Not the best model I’ve ever made, but as we want to over-exploit it’s probably better to have a not too great model (E.g. see https://doi.org/10.1186/s13321-022-00601-y). We’ll quickly integrate the featurizer and transformer for easy integration in a few steps.

integrated_model = Pipeline((("Featurizer",feature_pipeline),("RidgeRegressor",model)))
integrated_model
Pipeline(steps=(('Featurizer',
                 Pipeline(steps=[('smiles2mol', SmilesToMolTransformer()),
                                 ('morgan', MorganFingerprintTransformer())])),
                ('RidgeRegressor', Ridge(alpha=10.985411419875584))))

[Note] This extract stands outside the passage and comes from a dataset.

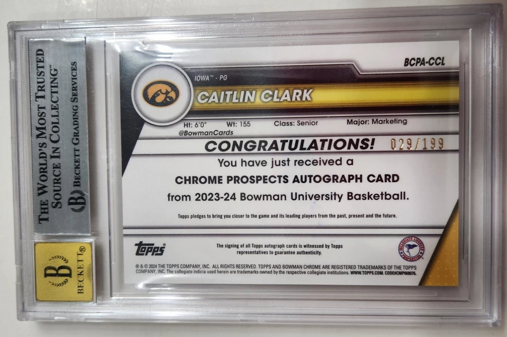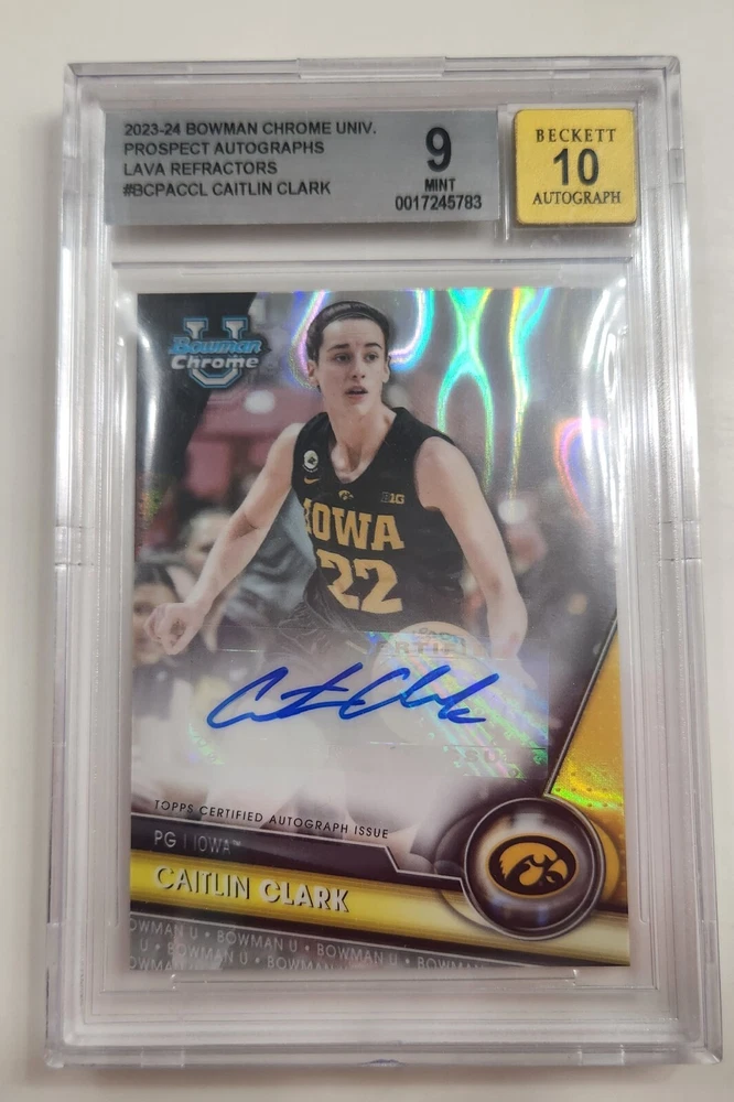 Auto graded 10 the card is mint 9. Card was sleeved and top loaded right away ,only touched on the side. This card is only going to go up and demand more as time goes on. Good luck.

A quick test to see that it works….

integrated_model.predict(["c1ccccc1", "CO"])
    array([5.64209907, 5.49391141])

With the model now in place, we can finally get to the fun part: using a genetic algorithm to generate some molecules with a good score! I’ve used the mol-ga project, a well-made package with an installer and tests. It has also been put on PyPI, so it’s very fast to install via pip. The genetic algorithm can be loaded and used with a few simple Python lines. Go ahead and pip install mol-ga if you haven’t already (mol-ga on PyPI: https://pypi.org/project/mol-ga/). Alternatively, visit the GitHub repository (mol-ga on GitHub: https://github.com/AustinT/mol_ga), clone, and install from there if you want to hack or experiment a bit with the code or simply want to understand better how it works.
There’s an example from the readme that I almost use exactly as shown here. I lowered the number of generations significantly as it very quickly does something that slows everything down. I also put the population size down so that it’s easier to follow the progress of the population even over a few generations.

import joblib
from rdkit import Chem
from mol_ga import mol_libraries, default_ga
start_smiles = mol_libraries.random_zinc(1000)
with joblib.Parallel(n_jobs=-1) as parallel:
        ga_results = default_ga(
            starting_population_smiles=start_smiles,
            scoring_function=integrated_model.predict, #How nice it is that the model can read lists of SMILES :-)
            max_generations=7, 
            offspring_size=100,
            parallel=parallel,
            population_size=200, #Should efficiently make it more batch looking, but probably also more prone to mode-collapse
        )

The ga_results is an object that contains the final population and the progress of the population in statistical metrics. I made a function to plot the progress using matplotlib.

def plot_ga(data):
    max_values = [entry['max'] for entry in data]
    avg_values = [entry['avg'] for entry in data]
    median_values = [entry['median'] for entry in data]
    min_values = [entry['min'] for entry in data]
    std_values = [entry['std'] for entry in data]
    size_values = [entry['size'] for entry in data]
    num_func_eval_values = [entry['num_func_eval'] for entry in data]
    fig, ax1 = plt.subplots(figsize=(10, 6))
    ax1.plot(max_values, label='Max', color='blue')
    ax1.plot(avg_values, label='Avg', color='green')
    ax1.plot(median_values, label='Median', color='orange')
    ax1.fill_between(range(len(data)), min_values, max_values, color='blue', alpha=0.2)
    ax1.fill_between(range(len(data)), np.subtract(avg_values, std_values), np.add(avg_values, std_values), color='green', alpha=0.2)
    ax1.set_xlabel('Data Point')
    ax1.set_ylabel('Values')
    ax1.set_title('Max, Avg, and Median with Shaded Areas')
    ax2 = ax1.twinx()
    ax2.plot(size_values, label='Size', linestyle='--', color='red')
    ax2.plot(num_func_eval_values, label='Num Func Eval', linestyle='--', color='purple')
    ax2.set_ylabel('Size / Num Func Eval')
    ax1.legend(loc='upper left')
    ax2.legend(loc='upper right')
    return plt
plot_ga(ga_results.gen_info)
    <module 'matplotlib.pyplot' from '/home/esben/python_envs/vscode/lib/python3.10/site-packages/matplotlib/pyplot.py'>

png

We see a nice progress in the scores, increasing very fast over just a couple of generations. Now, let’s look at how the molecules look. The plot_function from before works nicely for the .population data, which consists of tuples of scores and SMILES. First, let’s get the top 8.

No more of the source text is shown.